The spec includes at least one worked example: a sample run with its full span tree, log stream, and trajectory file, redacted for the docs.

Common mistakes

Documenting dashboards, not contracts. Screenshots of a vendor dashboard age fast. Document the schema; vendors are interchangeable.
Recording prompts inline by default. Inline content recording breaks privacy reviews. Default to external content storage with span references, per the GenAI conventions.
One giant trace per conversation. Long conversations swallow regressions. Use a root span per request, with conversation.id as the join key for multi-turn analysis.
Replay that calls live tools. Replay must use recorded tool responses; otherwise it is just a re-run, not a trajectory test, and it cannot prove regressions are fixed.
Sparse error taxonomy. A free-text error.message is high-cardinality and useless for alerting. The docs must define the closed enum on error.type.

FAQ

Q: What is agent observability documentation?
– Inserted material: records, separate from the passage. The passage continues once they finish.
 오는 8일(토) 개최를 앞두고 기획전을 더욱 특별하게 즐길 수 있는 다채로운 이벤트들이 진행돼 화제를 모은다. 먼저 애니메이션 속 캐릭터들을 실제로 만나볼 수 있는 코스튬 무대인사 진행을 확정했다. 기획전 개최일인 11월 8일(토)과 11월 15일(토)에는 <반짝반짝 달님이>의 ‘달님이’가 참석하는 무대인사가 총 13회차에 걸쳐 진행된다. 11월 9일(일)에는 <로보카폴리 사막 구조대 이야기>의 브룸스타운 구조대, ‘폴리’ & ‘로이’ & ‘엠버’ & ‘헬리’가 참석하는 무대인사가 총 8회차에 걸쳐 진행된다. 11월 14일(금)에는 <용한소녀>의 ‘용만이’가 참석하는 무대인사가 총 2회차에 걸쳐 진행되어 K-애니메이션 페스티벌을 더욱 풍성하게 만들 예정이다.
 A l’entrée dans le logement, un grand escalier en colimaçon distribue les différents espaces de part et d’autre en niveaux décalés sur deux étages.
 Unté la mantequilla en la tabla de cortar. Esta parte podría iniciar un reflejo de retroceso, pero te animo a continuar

It is the written contract that defines how an AI agent's runs are traced, logged, and replayed. It includes a span schema, a structured log schema, and a trajectory replay format, and it lives next to the agent's product spec rather than in a separate ops wiki.
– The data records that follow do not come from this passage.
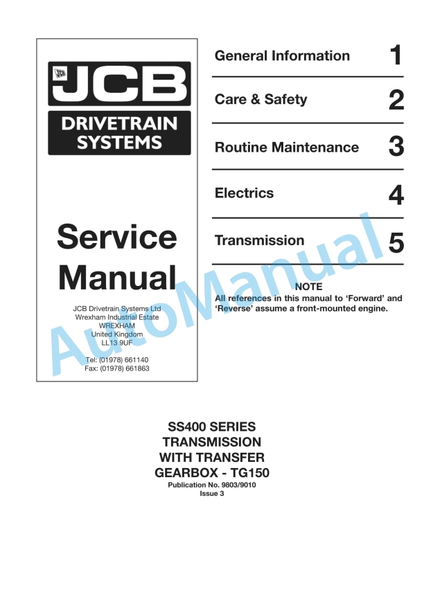 JCB 8056 Service Manual 9803-9296Alternative view of JCB 8056 Service Manual 9803-9296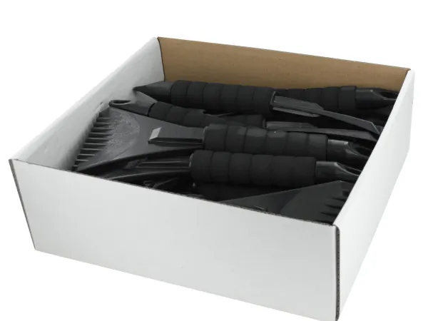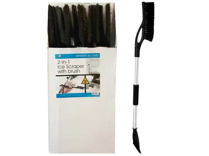 This Deluxe 2-In-1 Ice Scraper and Snow Brush Set is essential for efficient winter weather preparation. Designed for automobiles, it features a robust 4.25" wide plastic scraper on one end that easily removes ice and snow, while an 8.25" heavy-duty bristle brush on the other end assists in clearing away accumulated snow.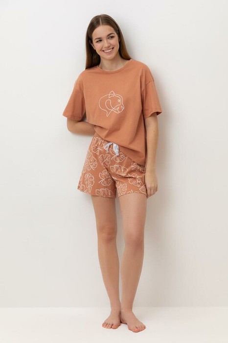 Комплект для комфортного сна и отдыха из трикотажа с нежным рисунком из 100% натурального хлопка. Футболка с короткими рукавами и спущенной линией плеча комфортно садится по фигуре. Шорты с мягким поясом на резинке. В поясе шорт атласная лента. Свободный силуэт не сковывает движения.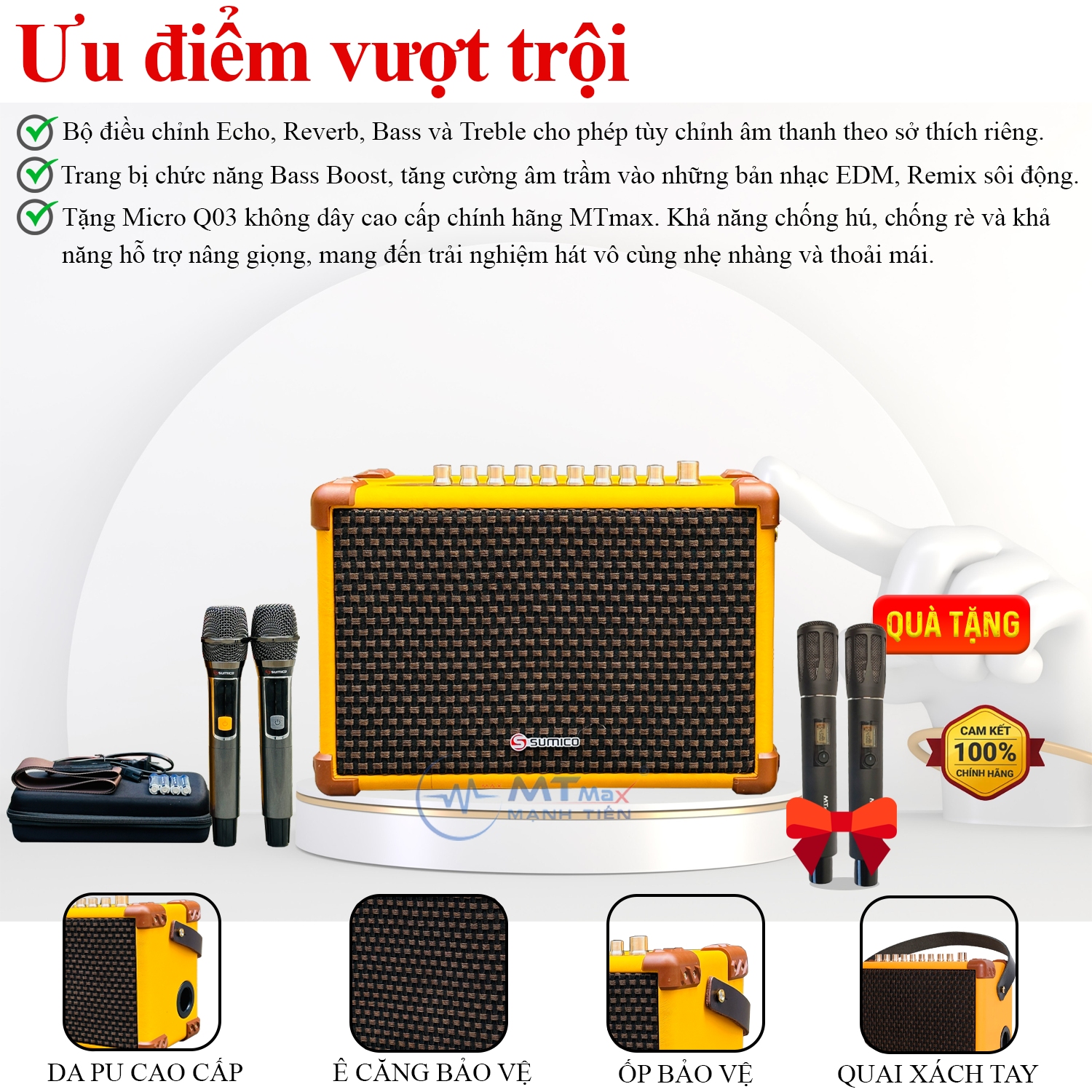Sumico không chỉ dừng lại ở việc mang đến sản phẩm tốt nhất, mà còn tặng kèm Micro Q03 không dây cao cấp chính hãng MTmax. Khả năng chống hú, chống rè và khả năng hỗ trợ nâng giọng là điểm độc đáo của micro này, mang đến trải nghiệm hát vô cùng nhẹ nhàng và thoải mái.

Q: How is this different from LLM monitoring?

LLM monitoring tracks individual model calls — latency, tokens, errors. Agent observability tracks complete agent cycles: multi-step reasoning, tool execution, sub-agent handoffs, and how individual calls combine into workflows. The documentation must reflect that broader scope, including a defined trajectory artifact.

Q: Do we have to use the OpenTelemetry GenAI conventions?

Strongly recommended. Microsoft Agent Framework, Microsoft Foundry, Inkeep, Maxim, and most vendor SDKs already emit GenAI conventions, and Datadog, Dynatrace, and SigNoz consume them natively. Custom span names create migration debt with no upside.

Q: What is a trajectory replay and why document it?

A trajectory replay is a re-execution of a recorded agent run against stubbed tools and fixture model responses. Documenting the replay format makes regressions reproducible across releases and lets reviewers confirm that a fix actually changes the behaviour of the failing case rather than producing a coincidentally similar result.

Q: How long does it take to apply this checklist?

For a single-agent system, expect about one engineering week to draft the schemas and one review cycle to land them. Multi-agent systems with several tools take two to three weeks. The cost is paid back the first time on-call needs to debug a long-running session in production.